Just when India’s favourite instant noodle brand Maggi was about to claim back its dominance over the market, the iconic brand is under pressure, again. Maggi noodle, which had earlier faced a lot of scrutiny and a subsequent market share loss over an alleged presence of lead, is now under a regulator’s scanner over alleged violation of another safety norm.

The district food and drug administration officials of Shahjahanpur in Uttar Pradesh, have sent a legal notice to Nestle India – the makers of Maggi noodle – and its trade partners in the region, seeking Rs 71 lakh as damages and for violation of food safety norms. The notice was issued after the UP FDA found a high level of ash content in the samples of the noodle. According to a PTI report, the Maggi noodle samples were collected from the Shahjahanpur area in November 2016.

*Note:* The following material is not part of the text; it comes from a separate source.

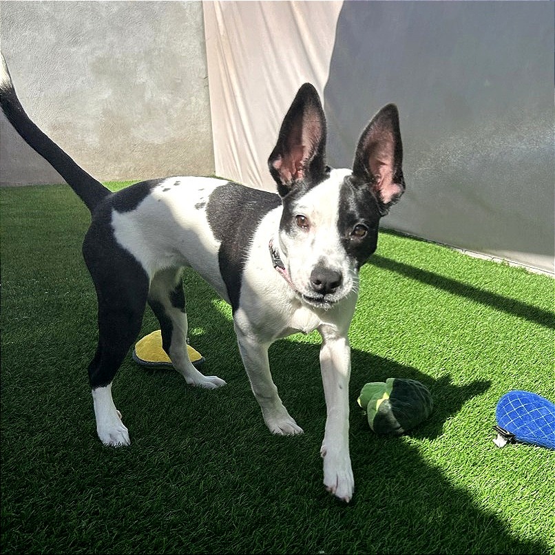 Hi! I'm Madison, a shy but playful pup with lots of love to give! I’m slow to warm up, but once I trust you, I’m all zoomies, toys, and goofy fun. I’m very high energy, treat motivated, and toy obsessed, which makes training fun, but I’ll need lots of it, along with a patient, consistent person to help me thrive.

While Nestle India is yet to receive a copy of the notice, it told Business Standard that the lab report might have been formed on the basis of quality standards that are now obsolete. However, the question that haunts millions of consumers and its patrons is how the noodle failed a lab test after the matter was settled in 2016, when the country’s apex court had given it a clean chit following stringent tests at independent laboratories across India.

After lead, it’s ash:

From the facts that have emerged so far and from a research done by this publication, it prima facie appears that the issue of ash content in packaged food, specifically in case of Maggi noodle, is an ambiguous area. Last time, when Maggi noodle was found to be sub-standard for human consumption, the main issue pertained to the presence of lead in a quantity higher than permissible. This, eventually led to a ban on the products across the country on 5 June, 2015. What followed was a period of uncertainty for the Swiss major in India and elsewhere.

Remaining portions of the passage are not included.